**REQUIREMENT:** Give back the exact lines of the material below from the one containing "红利策略的收益可以分为分红派" through the one containing "GOVERNMENT GAZETTE OF", and no pictures.

**AVAILABLE DATA:**
_ _ _ _ _
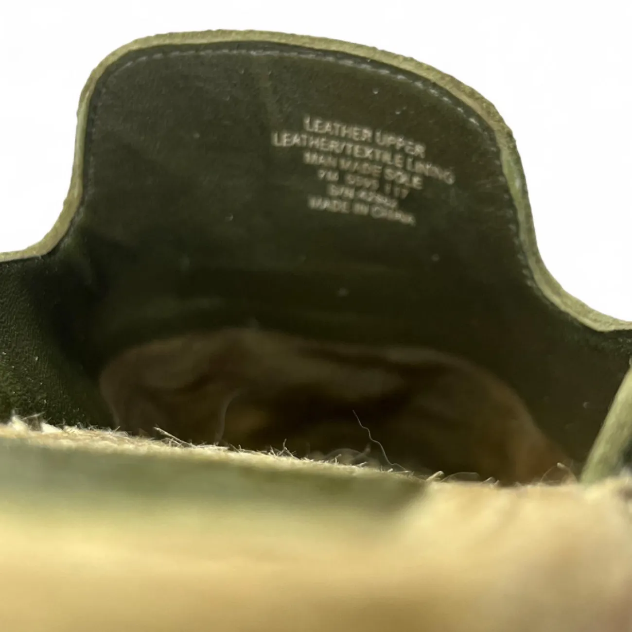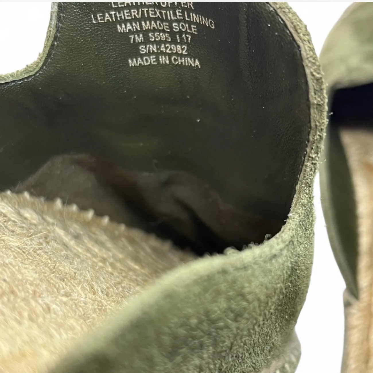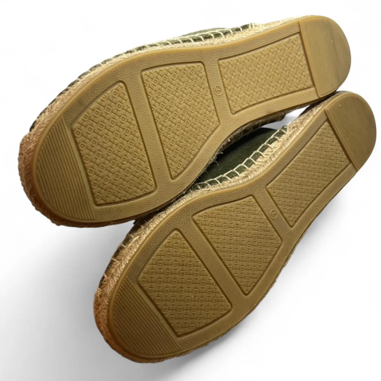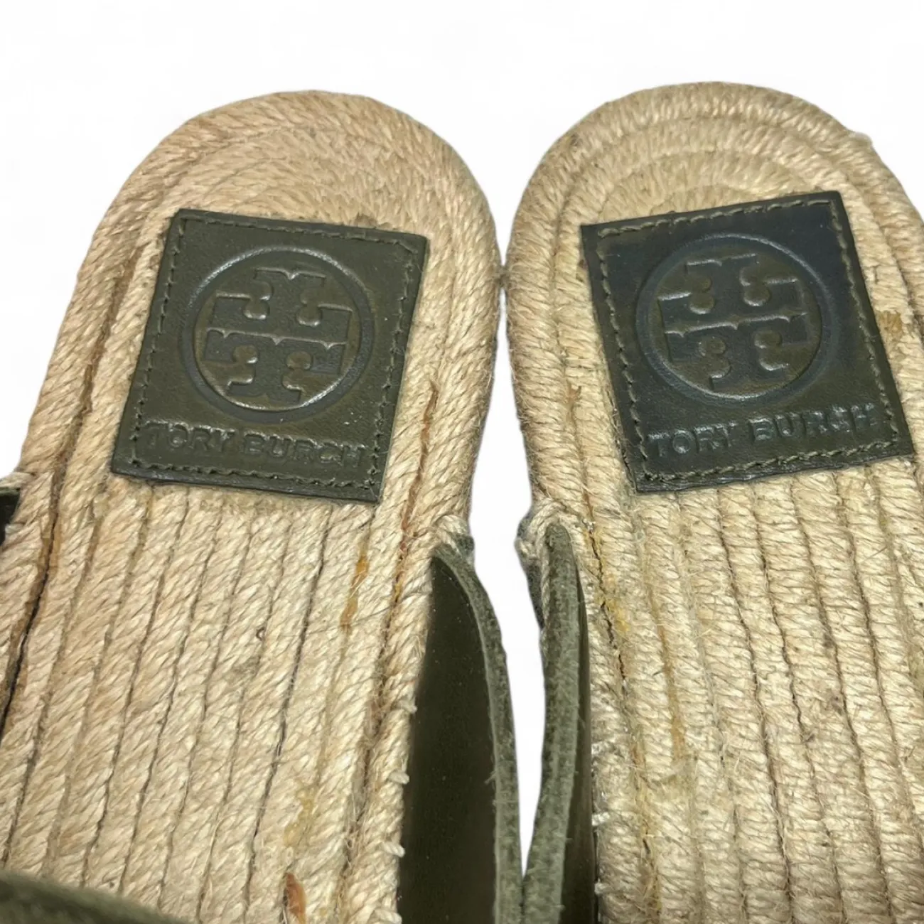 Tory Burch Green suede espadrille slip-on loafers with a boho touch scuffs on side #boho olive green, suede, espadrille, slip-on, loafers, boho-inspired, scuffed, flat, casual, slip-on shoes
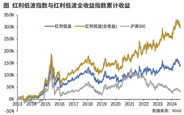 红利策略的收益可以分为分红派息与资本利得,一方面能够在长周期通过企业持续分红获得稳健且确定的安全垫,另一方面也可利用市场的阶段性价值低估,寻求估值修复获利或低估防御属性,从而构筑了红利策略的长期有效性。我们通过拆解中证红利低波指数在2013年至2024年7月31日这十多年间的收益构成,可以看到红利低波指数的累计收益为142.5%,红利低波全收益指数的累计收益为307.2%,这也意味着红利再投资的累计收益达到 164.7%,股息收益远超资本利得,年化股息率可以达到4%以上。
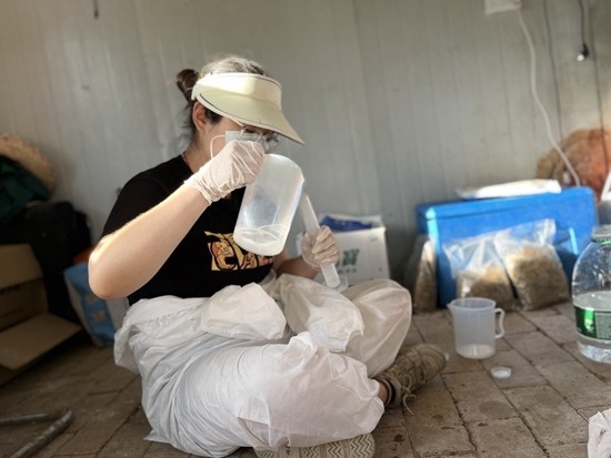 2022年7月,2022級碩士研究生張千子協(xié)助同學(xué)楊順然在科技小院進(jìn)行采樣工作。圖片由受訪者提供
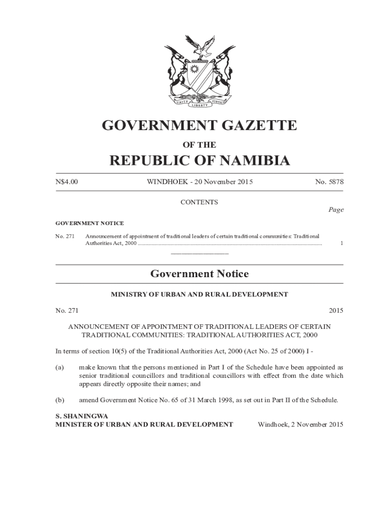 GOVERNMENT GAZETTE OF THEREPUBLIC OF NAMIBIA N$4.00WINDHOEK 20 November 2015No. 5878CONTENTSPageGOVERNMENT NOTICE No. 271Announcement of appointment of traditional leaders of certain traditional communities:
_ _ _ _ _
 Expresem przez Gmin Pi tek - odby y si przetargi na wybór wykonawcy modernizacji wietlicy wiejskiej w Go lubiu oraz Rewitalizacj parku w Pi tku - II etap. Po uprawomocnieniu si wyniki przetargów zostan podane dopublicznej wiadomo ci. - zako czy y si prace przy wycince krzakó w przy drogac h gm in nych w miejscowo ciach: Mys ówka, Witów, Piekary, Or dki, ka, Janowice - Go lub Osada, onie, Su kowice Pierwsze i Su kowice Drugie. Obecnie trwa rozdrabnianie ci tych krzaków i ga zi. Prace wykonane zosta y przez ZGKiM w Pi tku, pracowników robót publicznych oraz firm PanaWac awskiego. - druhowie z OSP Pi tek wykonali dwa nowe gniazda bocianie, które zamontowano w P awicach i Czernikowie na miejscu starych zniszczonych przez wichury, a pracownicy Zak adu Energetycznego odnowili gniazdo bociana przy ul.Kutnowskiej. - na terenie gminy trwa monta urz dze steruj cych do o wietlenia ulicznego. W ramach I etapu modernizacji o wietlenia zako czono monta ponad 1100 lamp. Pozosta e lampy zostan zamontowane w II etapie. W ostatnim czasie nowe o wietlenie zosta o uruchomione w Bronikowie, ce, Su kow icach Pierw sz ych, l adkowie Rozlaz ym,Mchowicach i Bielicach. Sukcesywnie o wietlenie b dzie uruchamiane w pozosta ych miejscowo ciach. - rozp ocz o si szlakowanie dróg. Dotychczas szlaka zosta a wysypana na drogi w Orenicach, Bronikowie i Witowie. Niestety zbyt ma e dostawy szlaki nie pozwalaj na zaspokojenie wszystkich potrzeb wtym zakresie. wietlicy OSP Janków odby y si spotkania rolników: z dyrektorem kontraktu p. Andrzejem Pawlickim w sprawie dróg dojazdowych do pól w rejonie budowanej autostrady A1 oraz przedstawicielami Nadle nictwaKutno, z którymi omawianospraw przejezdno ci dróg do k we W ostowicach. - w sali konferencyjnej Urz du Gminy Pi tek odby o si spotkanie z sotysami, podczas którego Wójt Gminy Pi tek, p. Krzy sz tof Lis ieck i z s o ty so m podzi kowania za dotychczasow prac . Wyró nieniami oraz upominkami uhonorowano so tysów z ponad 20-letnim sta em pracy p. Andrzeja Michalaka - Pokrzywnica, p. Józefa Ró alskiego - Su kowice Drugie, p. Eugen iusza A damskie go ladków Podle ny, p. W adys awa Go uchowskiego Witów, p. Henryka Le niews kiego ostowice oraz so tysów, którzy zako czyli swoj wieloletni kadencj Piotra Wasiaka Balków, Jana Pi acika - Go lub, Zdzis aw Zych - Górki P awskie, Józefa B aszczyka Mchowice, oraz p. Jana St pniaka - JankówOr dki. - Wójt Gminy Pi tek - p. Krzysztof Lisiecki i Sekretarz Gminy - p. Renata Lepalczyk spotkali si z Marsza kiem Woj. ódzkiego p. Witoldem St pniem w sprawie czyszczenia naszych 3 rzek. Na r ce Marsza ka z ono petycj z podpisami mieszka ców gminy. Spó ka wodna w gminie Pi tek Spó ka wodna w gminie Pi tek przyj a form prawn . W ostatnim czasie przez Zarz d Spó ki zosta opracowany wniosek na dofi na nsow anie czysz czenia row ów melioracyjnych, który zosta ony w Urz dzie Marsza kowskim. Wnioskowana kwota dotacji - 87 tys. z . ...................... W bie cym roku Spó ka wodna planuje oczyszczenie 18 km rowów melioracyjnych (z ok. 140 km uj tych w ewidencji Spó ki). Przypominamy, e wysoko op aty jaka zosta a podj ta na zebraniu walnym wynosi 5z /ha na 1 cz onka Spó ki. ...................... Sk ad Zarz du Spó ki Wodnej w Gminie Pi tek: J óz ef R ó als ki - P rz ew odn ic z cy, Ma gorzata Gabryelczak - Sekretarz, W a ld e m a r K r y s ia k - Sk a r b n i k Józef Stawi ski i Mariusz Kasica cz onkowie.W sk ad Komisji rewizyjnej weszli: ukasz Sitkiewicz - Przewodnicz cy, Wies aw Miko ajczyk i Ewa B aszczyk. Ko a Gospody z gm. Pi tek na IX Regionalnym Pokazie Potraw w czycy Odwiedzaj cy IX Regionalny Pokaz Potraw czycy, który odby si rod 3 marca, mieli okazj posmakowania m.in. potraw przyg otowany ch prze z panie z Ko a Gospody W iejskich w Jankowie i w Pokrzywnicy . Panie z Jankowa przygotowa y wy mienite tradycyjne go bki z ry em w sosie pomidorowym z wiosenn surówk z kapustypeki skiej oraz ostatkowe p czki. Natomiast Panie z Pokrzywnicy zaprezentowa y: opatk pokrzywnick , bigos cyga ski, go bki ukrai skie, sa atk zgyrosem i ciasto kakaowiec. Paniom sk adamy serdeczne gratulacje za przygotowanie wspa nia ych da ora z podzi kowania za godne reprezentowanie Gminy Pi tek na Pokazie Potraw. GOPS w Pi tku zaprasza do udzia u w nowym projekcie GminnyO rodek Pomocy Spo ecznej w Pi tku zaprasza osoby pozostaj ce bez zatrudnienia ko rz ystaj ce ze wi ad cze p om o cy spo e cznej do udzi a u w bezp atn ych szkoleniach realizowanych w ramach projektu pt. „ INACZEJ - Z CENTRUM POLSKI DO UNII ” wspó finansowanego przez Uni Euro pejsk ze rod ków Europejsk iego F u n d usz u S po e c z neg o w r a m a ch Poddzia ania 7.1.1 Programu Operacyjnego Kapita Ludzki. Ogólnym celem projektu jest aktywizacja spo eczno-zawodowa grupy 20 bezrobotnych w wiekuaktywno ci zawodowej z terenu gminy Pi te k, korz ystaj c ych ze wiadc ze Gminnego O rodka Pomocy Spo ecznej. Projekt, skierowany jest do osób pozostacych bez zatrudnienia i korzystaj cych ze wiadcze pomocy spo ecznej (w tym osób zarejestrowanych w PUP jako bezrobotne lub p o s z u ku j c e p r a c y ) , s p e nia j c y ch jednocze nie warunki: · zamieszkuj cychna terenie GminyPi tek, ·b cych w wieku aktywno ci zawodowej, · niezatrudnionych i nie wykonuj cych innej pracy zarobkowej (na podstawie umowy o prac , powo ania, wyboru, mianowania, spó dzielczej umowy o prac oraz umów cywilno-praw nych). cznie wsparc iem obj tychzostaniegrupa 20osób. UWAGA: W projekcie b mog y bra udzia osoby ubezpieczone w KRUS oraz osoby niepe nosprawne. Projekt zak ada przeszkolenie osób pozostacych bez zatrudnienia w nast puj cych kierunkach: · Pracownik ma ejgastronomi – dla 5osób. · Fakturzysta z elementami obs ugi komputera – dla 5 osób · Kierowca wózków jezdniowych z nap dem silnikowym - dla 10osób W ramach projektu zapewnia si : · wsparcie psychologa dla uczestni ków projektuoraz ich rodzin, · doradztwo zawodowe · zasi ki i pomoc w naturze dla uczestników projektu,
_ _ _ _ _
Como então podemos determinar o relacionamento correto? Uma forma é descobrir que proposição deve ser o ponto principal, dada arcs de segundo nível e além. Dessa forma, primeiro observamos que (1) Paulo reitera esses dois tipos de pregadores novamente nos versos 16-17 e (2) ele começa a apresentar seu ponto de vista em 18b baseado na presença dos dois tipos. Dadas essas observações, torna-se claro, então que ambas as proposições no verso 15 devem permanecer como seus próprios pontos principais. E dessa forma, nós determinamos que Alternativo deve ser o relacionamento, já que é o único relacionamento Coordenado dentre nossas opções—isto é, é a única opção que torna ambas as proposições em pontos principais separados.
_ _ _ _ _
**OUTPUT OF THE EXERCISE:**
 红利策略的收益可以分为分红派息与资本利得,一方面能够在长周期通过企业持续分红获得稳健且确定的安全垫,另一方面也可利用市场的阶段性价值低估,寻求估值修复获利或低估防御属性,从而构筑了红利策略的长期有效性。我们通过拆解中证红利低波指数在2013年至2024年7月31日这十多年间的收益构成,可以看到红利低波指数的累计收益为142.5%,红利低波全收益指数的累计收益为307.2%,这也意味着红利再投资的累计收益达到 164.7%,股息收益远超资本利得,年化股息率可以达到4%以上。
 2022年7月,2022級碩士研究生張千子協(xié)助同學(xué)楊順然在科技小院進(jìn)行采樣工作。圖片由受訪者提供
 GOVERNMENT GAZETTE OF THEREPUBLIC OF NAMIBIA N$4.00WINDHOEK 20 November 2015No. 5878CONTENTSPageGOVERNMENT NOTICE No. 271Announcement of appointment of traditional leaders of certain traditional communities:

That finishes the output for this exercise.